New event space caters to all

New+event+space+caters+to+all

Iman Khan

Student Affairs and the Center for Student Involvement opened a new multipurpose and versatile venue in the Marino Recreation Center called What’s Poppin’.

After pitching the idea for the pop-up space and having a few interactive activities, Emily Hardman, the director of student programming and communications, began building a calendar of events for the new space. Opening on Sept. 5, student organizations utilized the space for single-day events, maintaining the true sense a short-term “pop-up” event.

The location was previously an ATI Physical Therapy space. Once the business closed, Hardman took over the space, transforming it into What’s Poppin.

“[The Marino Center] opened up this space that there wasn’t really a solid plan in place for. So we in Student Affairs heard about this and we approached it as, ‘We don’t know what is going to happen to this place long-term, but we don’t want it to sit there and go unused because it’s such a prime location,” Hardman said.

Hardman said the pop-up space allows for a variety of students to come in and host different events that would be difficult to do in other areas on campus. Because of the space’s front-facing location on Huntington Avenue, Hardman finds it to be a perfect spot for community involvement and promoting events that would interest students.

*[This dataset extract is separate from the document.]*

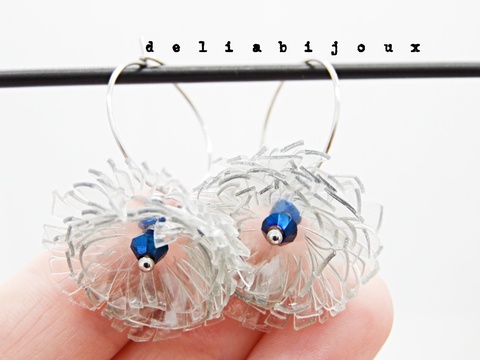 Cercei statement Păpădii de lumină realizați manual din plastic reciclat și cristal albastru electroplacat (cod1327)

“We’re trying to encourage student organizations and departments, and really anyone on campus to use the space in a way [to] do programming that’s open to everyone. We’re trying to avoid doing closed events that are sort of invitation-only. We want to make the space really accessible to everybody,” Hardman said.

Graduate student Rini Ghosh, a weekly programmer, also uses the venue on a day-by- day basis as a study space.

“I think it is a nice place for students to come and unwind. Also, the other places on campus seem too crowded or very utilitarian. This is more of a space where students can come and basically do anything,” Ghosh said. “They can come here and study together, they can come and catch up on the news or they can come here and just hang out, relax. I think that kind of space doesn’t exist on campus — where you can just take a break from everything.”

Over the past month, Hardman’s team, as well as other student organizations like the Student Government Association, or SGA, held events at What’s Poppin’. The SGA hosted a voter registration event at the location on the nationwide registration day Sept. 25. The What’s Poppin’ staff will also be hosting more group events in the space, such as Northeastern University Police Department training sessions and Green Line Records performances.

Every Wednesday Ghosh organizes Do It Yourself crafts such as decorated tiles and bamboo plantings.

Although the new space is open, Hardman is still understaffed. Thus far, three work-study students manage the venue, including Kathleen Ballard, a third-year pharmacy major, who became involved through an event that the SGA held in the new space.

“Right now, I think it’s very fluid in what it can be used for,” Ballard said. “So, we’ll have organizations reach out to us and host their events, we’ll have our own events …Then, on a normal day to day, we’ll have normal private rooms open for studying, we’ll have lounge space, a microwave in the back for students to come and just hangout and eat food. It’s whatever students want.”

In order to make the space more functional, Hardman and the managers hope to get feedback from students so that the space can cater to them.

“I like people asking ‘What is this?’ and me explaining, ‘It’s anything you want it to be.’ If you want to eat your lunch here, if you want to have a group project meeting over there, if you want to just chill,” Ballard said. “A girl came in and napped on the couch for an hour and said that was really critical for her; Having students come in and understand and that it’s anything they want it to be for them.”

Fellow manager Lauren Skirball, a second-year politics, philosophy and economics major, said students can use the space in ways that they might not be able to find in other areas on campus.

“We have all those study rooms and you don’t have to reserve them to use them,” Skirball said. “You can just walk in and use it whenever. Whereas in Snell, to get a private space, it’s really hard. You have to go online and rent a space. This is just much more accessible.”

Skirball emphasized the importance of bringing the community together at What’s Poppin’.

“I am really excited to see all the different people that it brings in,” Skirball said. “I know that there’s gonna be a lot of different organizations on campus bringing all sorts of different people and events, and I think it’ll be great to see how the spaces mesh all the communities at Northeastern and foster intergroup interactions.”